A.藤沢市の条例第 2 条第 4 号は「公共の場所」に「海岸」を含めており、第 7 条の歩行喫煙をしない努力義務と携帯用灰皿の携帯に関する努力義務、第 9 条の吸い殻の投棄・放置の禁止が海岸にも及びます。なお「藤沢市海水浴場ルール(令和 8 年度版)」には喫煙を直接禁止する条項を確認できなかったため、本記事では「禁煙」と断定しません。現地の掲示と監視員・ライフセーバーの指示に従い、周囲への配慮を最優先にしてください。
Q.江の島の島内に喫煙所はありますか?
A.本記事の作成時点で、藤沢市公式に江の島島内の喫煙所一覧の記載を確認できなかったため、個別の喫煙所の名称・位置は断定しません。島内の施設は個別にルールが異なり、たとえば江の島アイランドスパは公式サイトで 2025 年 7 月 19 日から敷地内全面禁煙(加熱式たばこ・電子たばこを含む)と告知しています。

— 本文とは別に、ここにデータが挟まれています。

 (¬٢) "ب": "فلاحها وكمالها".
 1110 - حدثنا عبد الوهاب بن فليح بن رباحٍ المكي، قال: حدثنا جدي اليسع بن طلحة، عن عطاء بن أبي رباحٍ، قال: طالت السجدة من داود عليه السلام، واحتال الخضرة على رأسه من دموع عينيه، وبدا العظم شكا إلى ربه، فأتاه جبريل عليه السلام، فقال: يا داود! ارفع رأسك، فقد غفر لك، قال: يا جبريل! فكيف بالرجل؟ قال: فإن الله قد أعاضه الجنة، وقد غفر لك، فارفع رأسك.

各施設の公式情報と現地の案内表示でご確認ください。
Q.海水浴場でバーベキューや花火はできますか?
A.「藤沢市海水浴場ルール(令和 8 年度版)」第 27 条は、海水浴場利用者が海水浴場内で焚き火をしたり火気を使用する調理器具を使用したりすることを禁止しています。また藤沢市きれいで住みよい環境づくり条例第 12 条は、公共の場所での深夜(午後 10 時から翌日の午前 6 時まで)の花火を禁止しています。詳細は藤沢市公式でご確認ください。

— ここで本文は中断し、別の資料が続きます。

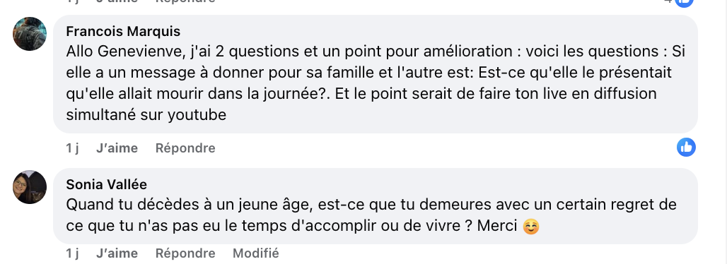 Heille Geneviève, peux-tu demander à Doc s’il a pu rejoindre sa jambe qui était morte avant lui ?
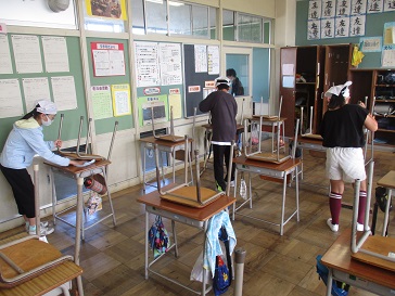 2学期最初の清掃が始まりました。コロナウイルス感染症対策も兼ねて、黙働清掃です。もくもく集中して掃除をすると、教室もきれいになりました。
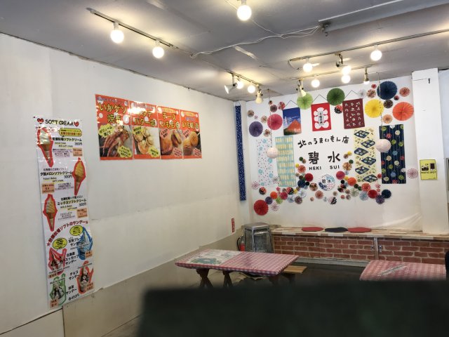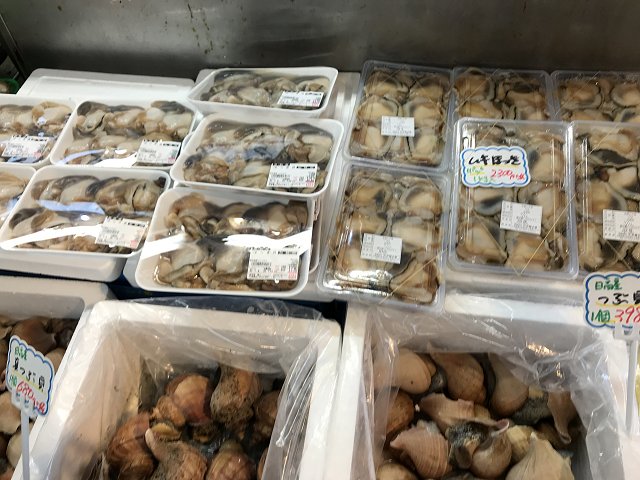 汐見通りの対面にも魚屋と食堂あり。(7:00-16:00,水曜定休)(P100,無料)
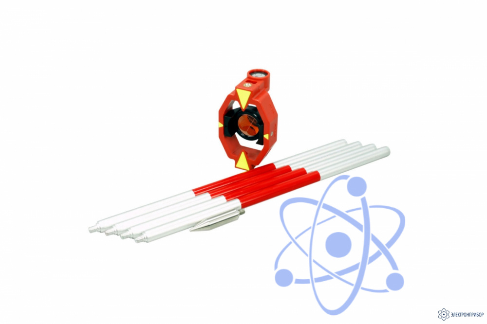 В комплекте поставляется разборная металлическая веха, которая позволяет изменять высоту размещения минипризмы вплоть до 1.3 м. В собранном состоянии конструкция из 4 резьбовых секций надежна и стабильна, элементы вехи качественно окрашены и не подвержены коррозии. Заостренный металлический наконечник обеспечивает надежную установку на рыхлых поверхностях, таких как грунт или песок. Также имеется специальный крючок, при помощи которого можно подвесить отражатель в необходимом положении.
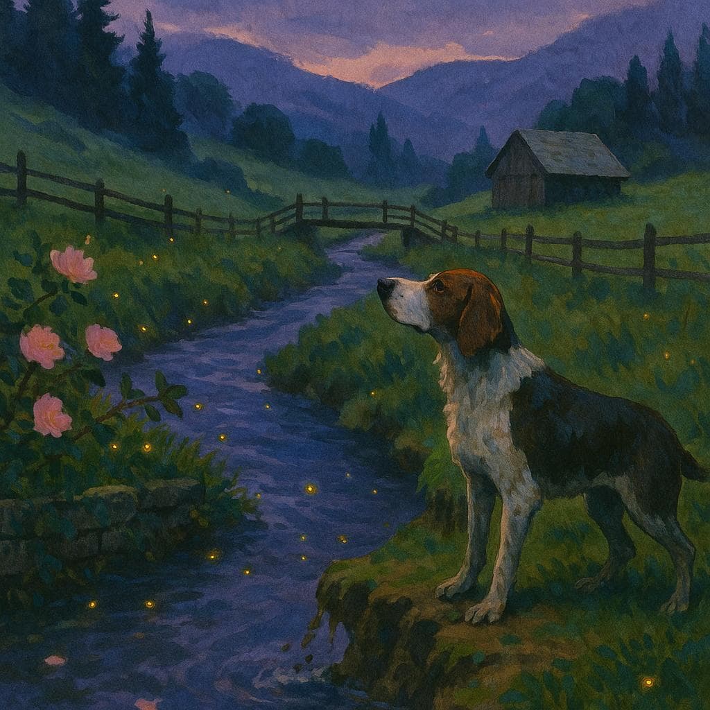 Beneath the violet hush of the valley, Brio, a thirteen-year-old Brittany, lifted his nose to the scent of rain and wild roses. The roses meant her, the memory his man wore like a second heartbeat. Brio’s hips ached, yet he trotted on, following the ribbon of perfume along the stream. Fireflies stitched gold between reeds; he felt the old pull of matchmaking, the work he loved. A shadow paused on the far bank, a woman-shaped stillness, and her whisper brushed his ears. He barked once, joyous, then the earth at the water’s edge shuddered and crumbled under his paws.
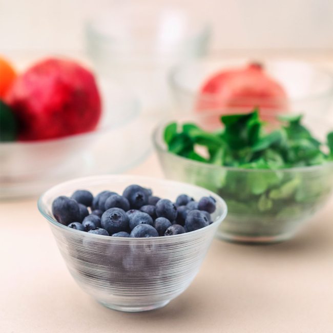 Sada průhledných skleněných mělkých desek z řady Basic Chic Glas má jemnou strukturu elegantních letokruhů. Díky svému průměru 30 cm je talíř vhodný jako základový talíř, ale také jako servírovací talíř pro hlavní chody. Sada desek Basic Chic Glass je vhodná jak pro průmyslové myčky nádobí, tak pro mikrovlny.

Q.神奈川県には独自の受動喫煙のルールがありますか?
A.あります。「神奈川県公共的施設における受動喫煙防止条例」があり、県公式によると施設を県特定第 1 種施設と県第 2 種施設に区分し、県特定第 1 種施設では加熱式たばこ専用喫煙室を設置できないとしています。県第 2 種施設で指定たばこ専用喫煙室を設置する際は、喫煙禁止区域を共同利用区域を除く公共的空間のおおむね 2 分の 1 以上とするよう努めることとされています。令和 6 年 4 月 1 日に禁煙標識の掲示義務は廃止されました。詳細は神奈川県公式でご確認ください。